Prior v Blue Mountains City Council

Case

[2009] NSWLEC 1351

9 September 2009



Land and Environment Court


of New South Wales


CITATION: Prior v Blue Mountains City Council [2009] NSWLEC 1351
PARTIES:

APPLICANT
T Prior

RESPONDENT
Blue Mountains City Council
FILE NUMBER(S): 30249 of 2009
CORAM: Moore SC
KEY ISSUES: CONSTRUCTION AND INTERPRETATION - RATING - LOCAL GOVERNMENT :-
LEGISLATION CITED: Local Government Act 1993
CASES CITED: McKenzie v Randwick City Council [1996] NSWLEC 42
Taylor v Lismore City Council [2005] NSWLEC 146
Jakd Pty Limited v Randwick City Council (unreported)(Bignold J - !996)
DATES OF HEARING: 9 September 2009
EX TEMPORE JUDGMENT DATE: 9 September 2009
LEGAL REPRESENTATIVES:

APPLICANT
Mr J Doyle, barrister
INSTRUCTED BY
Thomson Playford Cutlers

RESPONDENT
Mr T Cork, solicitor
McPhee Kelshaw

JUDGMENT:

      THE LAND AND
      ENVIRONMENT COURT
      OF NEW SOUTH WALES

MOORE SC


      09/30249 - PRIOR v BLUE MOUNTAINS CITY COUNCIL
      This decision was given as an extemporaneous decision. It has been revised and edited prior to publication.

      JUDGMENT

1 SENIOR COMMISSIONER: At the top of the hill as one approaches Wentworth Falls from the east, on one’s right is located a commercial nursery that forms part of a property owned by Mr Prior - the applicant in these proceedings. The property, which is three separate allotments, totals in area nearly 22,000 sq m. It is agreed by the parties that I should treat the three parcels as having been valued as a single parcel of land pursuant to the Valuation of Land Act 1916 and therefore to consider that land as a single parcel of land for the purposes of rating characterisation pursuant to Part 3 of the Local Government Act 1993 (the Act).

2 The history of the matter is that the land has been rated, in the past (for some time), as farmland pursuant to s 515 of the Act and, in 2007, Mr Prior was written to by Blue Mountains City Council (the council) indicating that the council was reviewing the rating of his land and requiring him to fill in a form if he wished to retain the farmland rating from the end of that rating year onward.

3 In 2008, the council wrote a further letter to Mr Prior, a letter which Mr Prior denies receiving, indicating that the farmland rated land was in the process of having its review finalised and inviting him to complete a further form for his continuation to be rated as farmland if he wished to retain it – the default position from the earlier letter being that if he did not complete such a form he would be rated as residential.

4 On 6 January 2009, the council wrote to Mr Prior and informed him that, from 1 July 2008, that is more than six months earlier than the date of the letter, the designation of his land, that is its categorisation for the purposes of Part 3 of the Act, had been changed from farmland to business. That change resulted in a significant increase in rates for the 2008-2009 financial year.

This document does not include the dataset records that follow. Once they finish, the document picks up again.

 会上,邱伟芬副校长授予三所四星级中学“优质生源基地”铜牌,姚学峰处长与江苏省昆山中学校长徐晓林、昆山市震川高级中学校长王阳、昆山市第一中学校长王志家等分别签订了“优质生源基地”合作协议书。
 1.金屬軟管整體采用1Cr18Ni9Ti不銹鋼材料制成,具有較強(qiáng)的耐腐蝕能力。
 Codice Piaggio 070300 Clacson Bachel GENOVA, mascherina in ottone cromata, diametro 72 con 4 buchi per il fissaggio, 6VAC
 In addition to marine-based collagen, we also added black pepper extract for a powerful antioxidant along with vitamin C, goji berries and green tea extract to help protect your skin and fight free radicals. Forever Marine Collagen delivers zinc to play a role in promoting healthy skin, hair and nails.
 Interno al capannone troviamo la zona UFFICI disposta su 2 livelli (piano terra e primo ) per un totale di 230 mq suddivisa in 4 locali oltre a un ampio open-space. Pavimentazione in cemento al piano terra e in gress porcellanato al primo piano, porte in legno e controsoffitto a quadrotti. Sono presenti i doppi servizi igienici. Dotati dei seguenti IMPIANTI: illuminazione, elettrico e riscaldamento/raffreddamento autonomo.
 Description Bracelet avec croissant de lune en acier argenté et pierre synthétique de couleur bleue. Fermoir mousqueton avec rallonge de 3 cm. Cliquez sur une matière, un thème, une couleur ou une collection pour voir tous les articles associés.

Mr Prior wrote a letter of objection to that, seeking a review of that decision. On 24 March 2009, the council wrote indicating that the business categorisation was to be maintained. At no time, prior to January 2009, had Mr Prior been given any intimation of the intention of the council to categorise his land as being for business purposes.

5 The scheme in Part 3 of categorisation of land in the Act includes provisions relating to all four of the categories within which land can be declared for rating purposes. Those categories are: farmland, residential, mining and business. A series of tests are set out in the Act for categorisation as farmland, residential or mining with there being, in s 518, a default provision that says if it is not fitted within one of those three earlier categories land defaults to being categorised as business.

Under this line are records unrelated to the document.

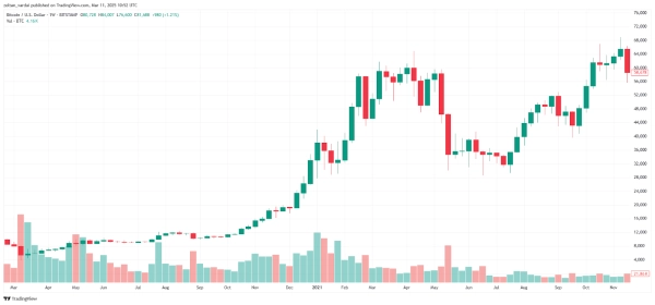 Graphique hebdomadaire BTC/USD, 2020-2021. Source : TradingView
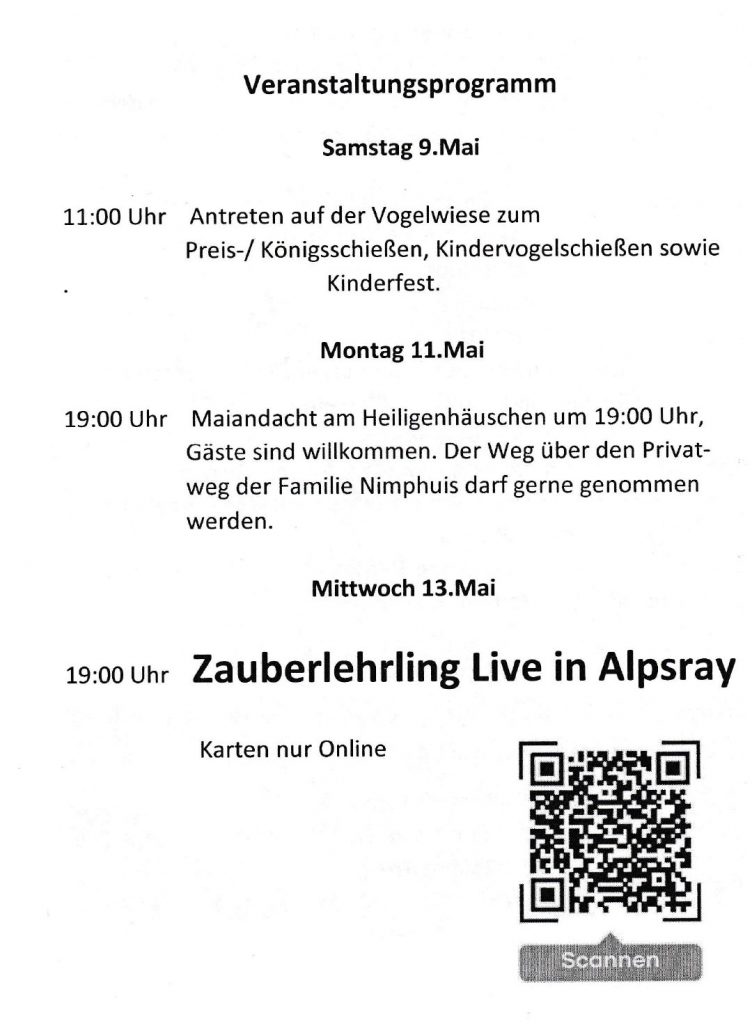 Unser öffentliches Lokal “ to hoop“ wird von einem Pächter betrieben. Bei allen Aktivitäten kann man auf einen großen Teil von ehrenamtlichen Helfern der ca.350 Mitglieder zählen. Wir sind Mitglied der LAG Soziokulturelle Zentren NRW. Seit einigen Jahren veranstalten wir Konzerte jeglicher Couleur, von Pop über Rock, Blues, Jazz, Singer Songwriter Rap, Poetry Slam etc., sowie Comedy -Veranstaltungen, Kneipenquizz, Lesungen, Podiumsdiskussionen, Jugend -und Seniorentreffen. Die ansässigen Vereine, Historische Pumpennachbarschaften, Martinskomitee und Schützenverein nutzen unsere Räumlichkeiten. Intensiv wird die Förderung junger Musiker mit der Reihe “ Open Stage Alpsray“ betrieben. Im Schnitt haben wir zwei Veranstaltungen wöchentlich. Wir entwickeln uns vom Angebot her auch mehr in den Bereich Theater und Jugend, Workshops und Diskussionsrunden
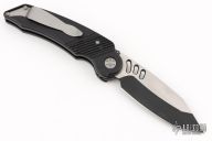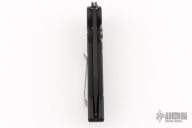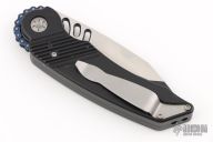 This MRX by Rat Worx features a black clip point blade with satin flats. The handle is black aluminum with a chain drive opening mechanism. Tip up stainless clip. Comes with zippered case. Has some light scuffs, otherwise excellent condition.
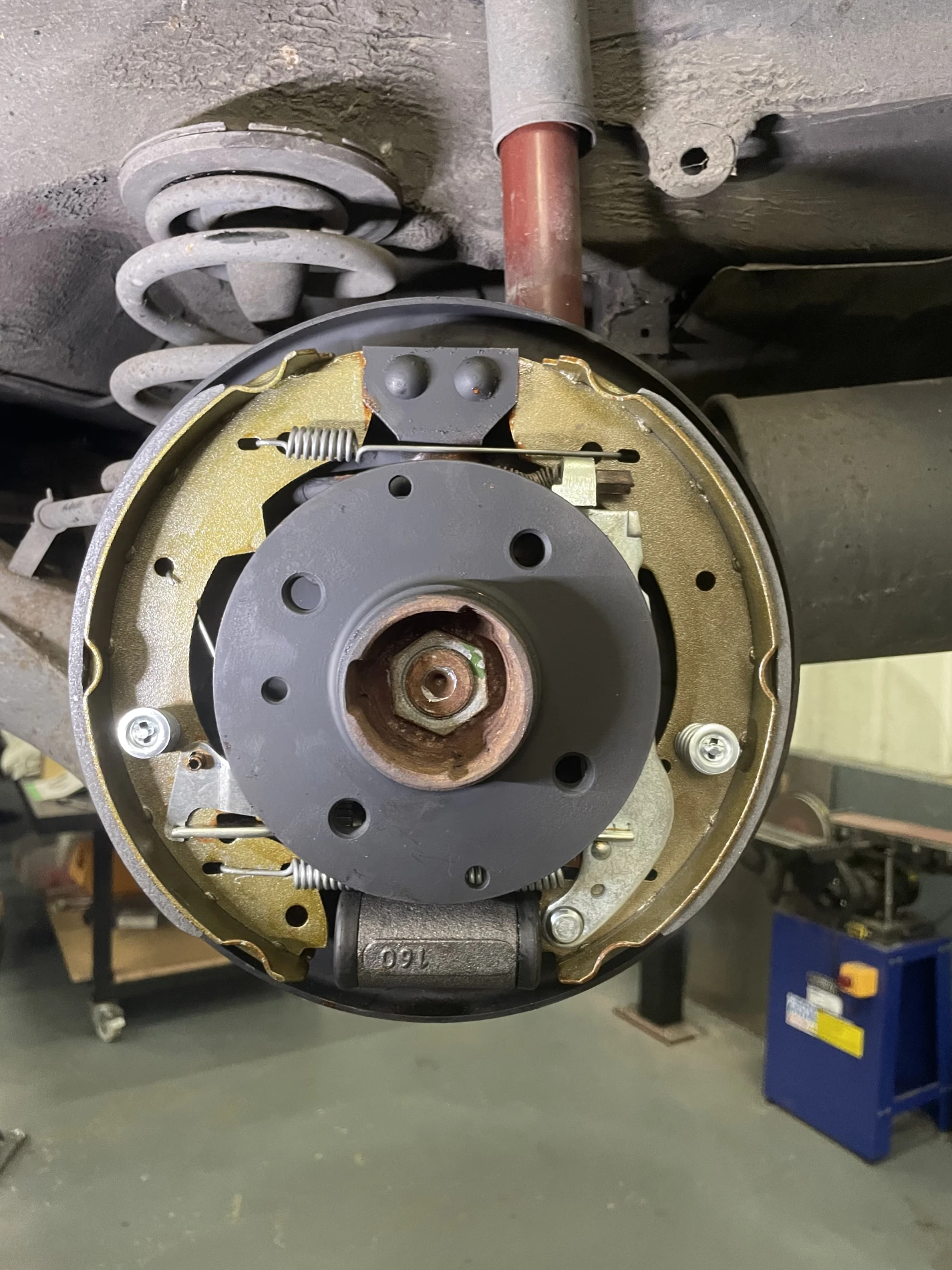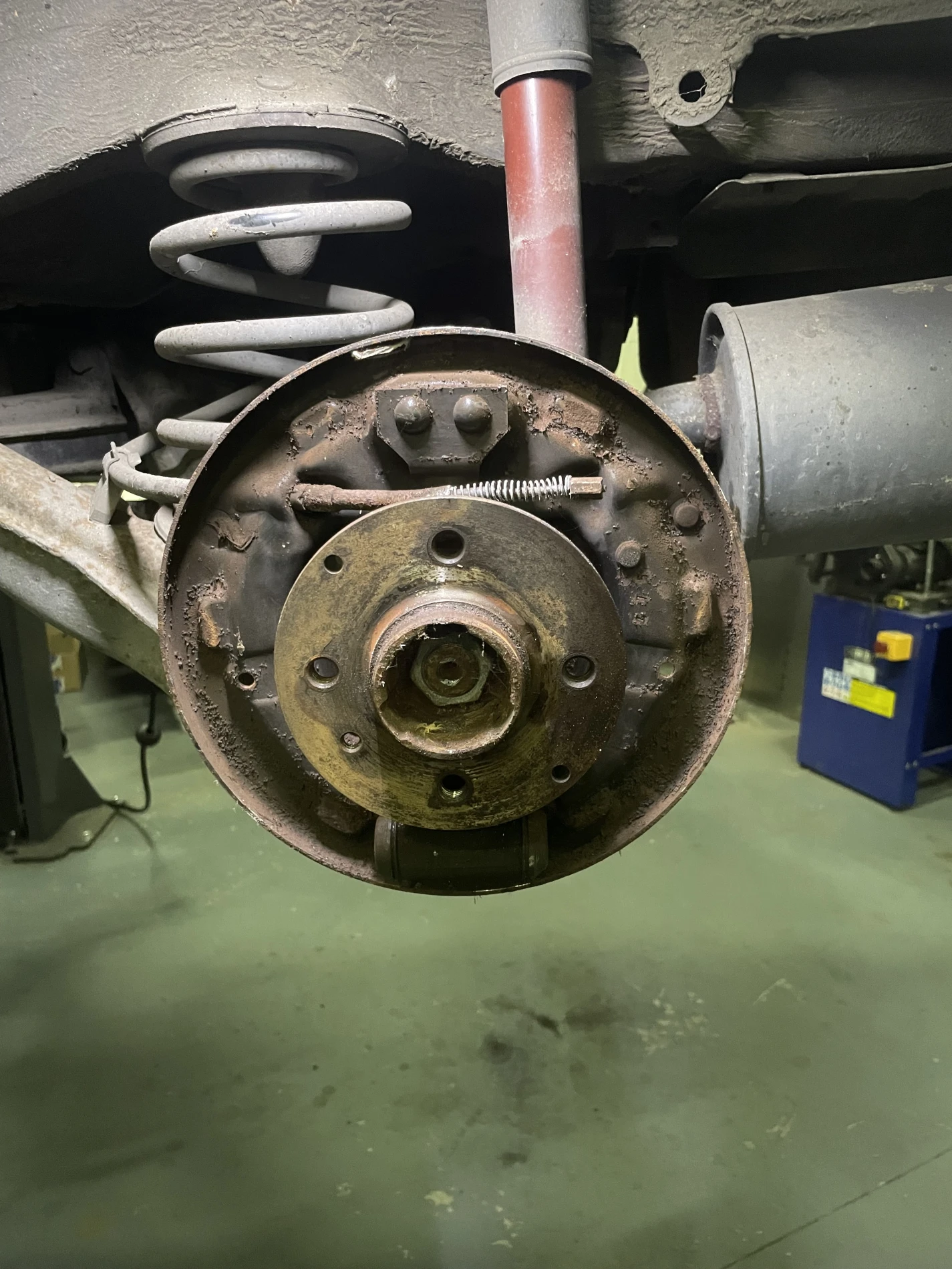 En parallèle, une restauration partielle du système de freinage a été effectuée. Celle-ci a concerné les freins arrière à tambours, avec le remplacement des garnitures, le contrôle des ressorts de rappel, des mécanismes d’expansion ainsi que des cylindres de roue. Le maître-cylindre de frein a également été remplacé afin de garantir une pression hydraulique constante et une réponse optimale à la pédale de frein.

6 Mr Prior has appealed against that declaration pursuant to s 526 of the Act. Section 526 provides for two separate forms of appeal, that being an appeal against the date of operation of a declaration or, secondly, an appeal against the nature of the declaration. In these proceedings, Mr Doyle, who appears as counsel for Mr Prior, has pressed appeals on both bases and it falls to me to determine both how Mr Prior’s land should be categorised and what effective date such new categorisation should take effect.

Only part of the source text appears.